This might lead one to wonder: is the randomising effect of human psychology really having a direct impact on a stock? Or might it be having an influence on something else, which then in turn influences the stock? The answer is yes. Let us now see how.
Fortunately, there is an alternative to the random price hypothesis that is in the same spirit, but avoids most of these problems. To warm up, let's think for a moment about the concept of interest.
If you have a savings account, you may notice that when you have some money in there, the bank will actually some additional money into the account. The reason is that, although it doesn't really effect us much, banks are using your money, the very money you deposited in your savings! They use this money to make loans, such as a loan for a person to buy a house. Someone taking out such a loan pays the bank a lot of money for the opportunity, which is one way banks make money. But the bank promises to put the money back whenever you need it, and as payment for letting them use it in this way, they pay you interest.
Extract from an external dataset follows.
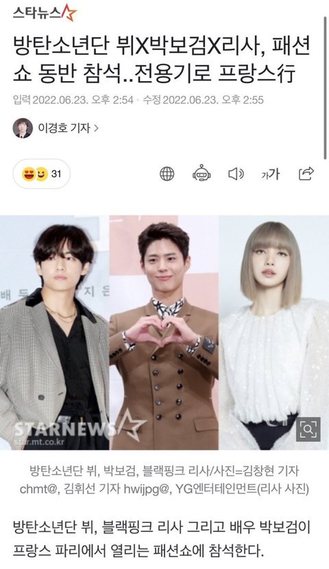 뷔 박보검 리사 전용기타고 셀린느간대
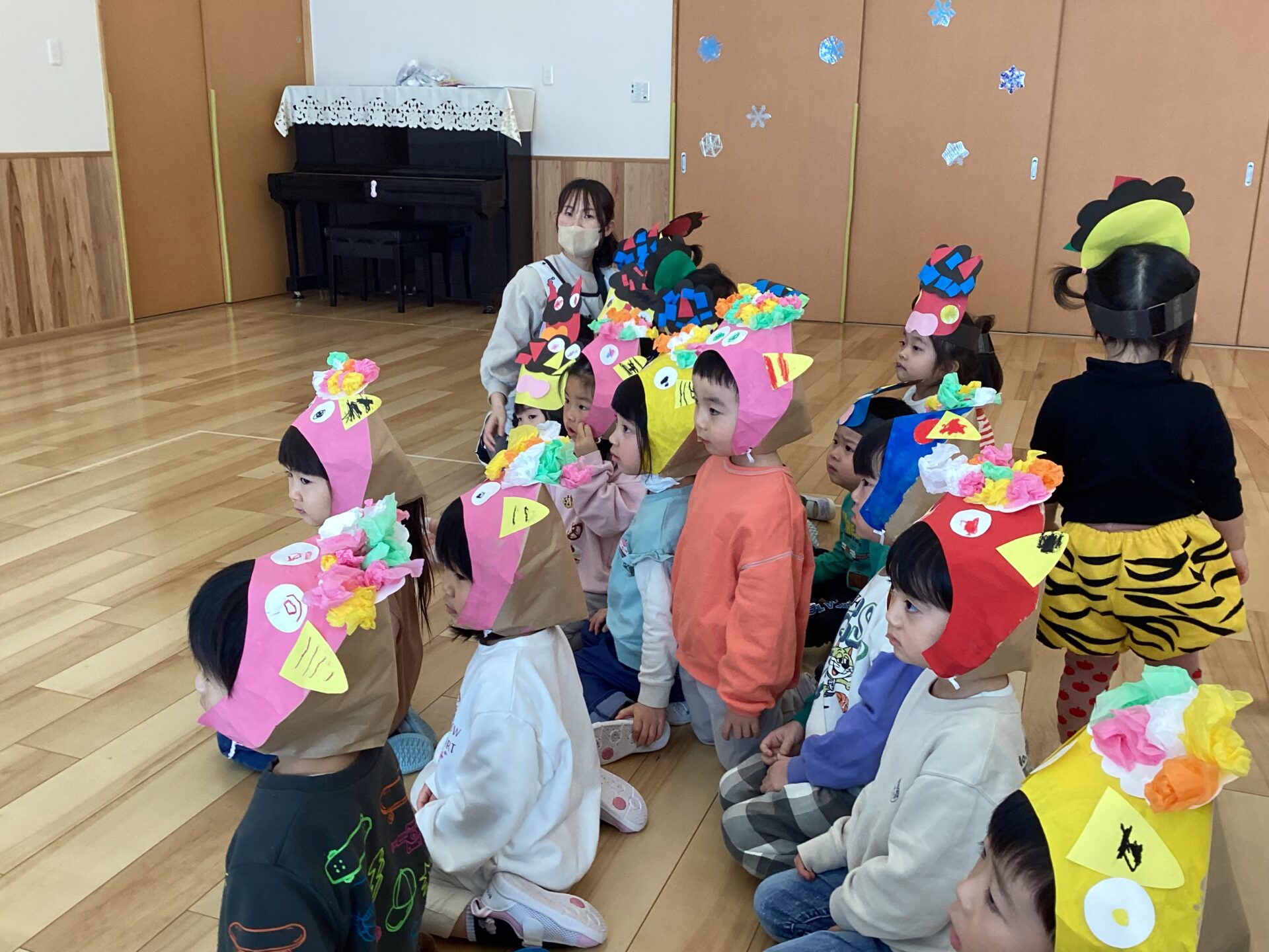 にじ組(2歳児)、ゆき組(3歳児)、そら組(4歳児)、つき組(5歳児)が、すてきなオニのお面をかぶり、少し緊張した表情でホールに集合しました。

The amount of money they pay you will keep compounding with each deposit, with more and more being deposited each time. The ideal, continuous increase of money in this way is called continuously compounded interest. A sum of money \(P\) that grows in this way at an interest or rate of return \(r\) will grow exponentially with time \(t\),
\[ P = e^{rt}, \]where \(e\) is called Euler's number, equal to approximately 2.718 (Optional: More on continuously compounded interest).
Like the price of a loan, a stock price can also viewed as compounding continuously. But the rate of return changes as investors make buying and purchasing decisions in a market, and it can sometimes be negative. For example, from the end of 2015 and into early 2016, there were various indicators of lagging sales at Apple. In such periods, an individual investor may decide not to buy Apple, giving rise to a slight negative effect on their rates of return. At more optimistic times the investor might have made the purchase, giving rise to a positive effect.
If the rate of return is positive, it leads to an exponentially increasing price, like interest on a loan. But a negative rate of return leads to an exponential decrease in price. How can we understand the way a stock or bond's rate of return changes over time? This question can be answered by telling a story about millions of trades as suggested above.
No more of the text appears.